Miller asserts that his layoff was motivated by his age and disability. Miller’s layoff occurred approximately one month short of his completing seven years with the company, and Miller asserts that Terramite knew he planned to retire soon. After laying Miller off, the company moved two younger employees into the hydraulic cylinder department, Paul Fisher and Chris Strickland. They were both under age 40, and each had less seniority than Miller. Phillips stated that he retained Fisher and Strickland because they had more skills than Miller and that skill levels played a bigger role in his decision than seniority. Two other hydraulics department employees laid off at the same time as Miller were both under the age of 40.

Miller filed a four-count complaint in the circuit court of Kanawha County, West Virginia, alleging the following: Count I, breach of contract; Count II, wrongful termination on the basis of age discrimination in violation of West Virginia law and public policy; Count III, wrongful termination on the basis of disability discrimination in violation of West Virginia law; and Count IV, that he was wrongfully denied 401K and other benefits by being terminated only 45 days before he would have been fully vested in Terramite’s retirement plan. Terramite then removed this action to federal district court, asserting that Count IV stated a federal claim under ERISA.

On September 3, 2003, Terramite moved for summary judgment. On September 18, 2003, Miller opposed summary judgment on all but the contract claim, for which he sought dismissal due to his own failure to produce a genuine issue of mate *539 rial fact. Miller did not move to dismiss his ERISA claim that Terramite -wrongfully denied him retirement benefits, in spite of the fact that discovery in August had revealed that Miller had received all he was due on the retirement account. Instead, in his opposition to summary judgment, Miller attempted to alter his ERISA argument, asserting that the claim for retirement benefits included a claim that Terramite discriminated against him with regard to the employee medical benefits plan because of the increased expenses he incurred to treat his diabetes and depression.

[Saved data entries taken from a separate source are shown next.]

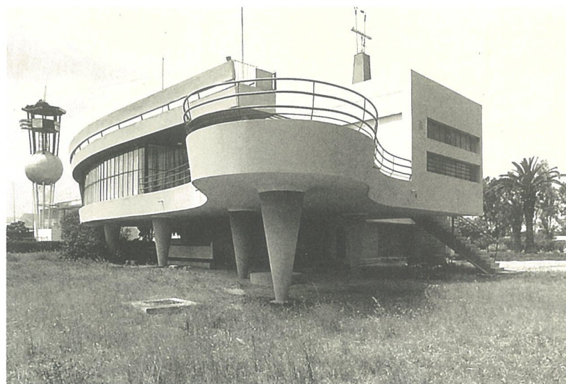
THE AIRPORT CLUBHOUSE IN 1998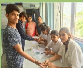
'Synergy' Peer Interaction Programme; Microbiology Department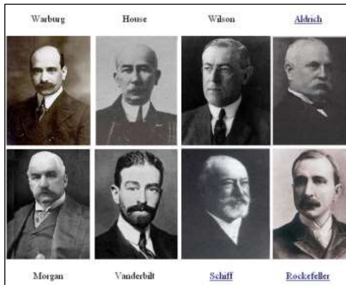
Figure 2- The main leaders and supporters of Nazi Fascism

We refer ourselves to the reading of the article for a thorough examination of this shameful page of European history.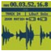
Waveform screen with variable zoom.

Over a month later, on Thursday, October 30, 2003, Miller sought to voluntarily dismiss the ERISA claim and to remand the entire action to state court. Two business days later, the district court granted summary judgment in favor of Terramite, treating the unopposed motion to dismiss the contract claim as a motion to amend under Rule 15 of the Federal Rules of Civil Procedure and noting that Rule 15 was the proper vehicle to accomplish a partial dismissal. The court granted the motion and dismissed the contract claim. The district court denied Miller’s request for voluntary dismissal of the ERISA claim and for remand of the case to state court, “because it is untimely and would waste judicial resources.” (J.A. at 191 n. 2.) The district court then concluded that Miller had failed to raise a question of fact on the ERISA claim. Specifically, the court found no evidence that Terramite intended to deny Miller any employee benefits through the layoff and no evidence that Terramite had any information about Miller’s medical costs. The district court also concluded that the undisputed evidence raised no inference of either age or disability discrimination under the West Virginia Human Rights Act. Miller appeals.

II.

A.

Miller first challenges the district court’s decision to deny his last-minute motion to voluntarily dismiss the ERISA claim and to remand the case to state court. Miller asserts on appeal that a Rule 41(a)(2) voluntary dismissal should have been granted because, “while not expressly stating so” (Appellant’s Br.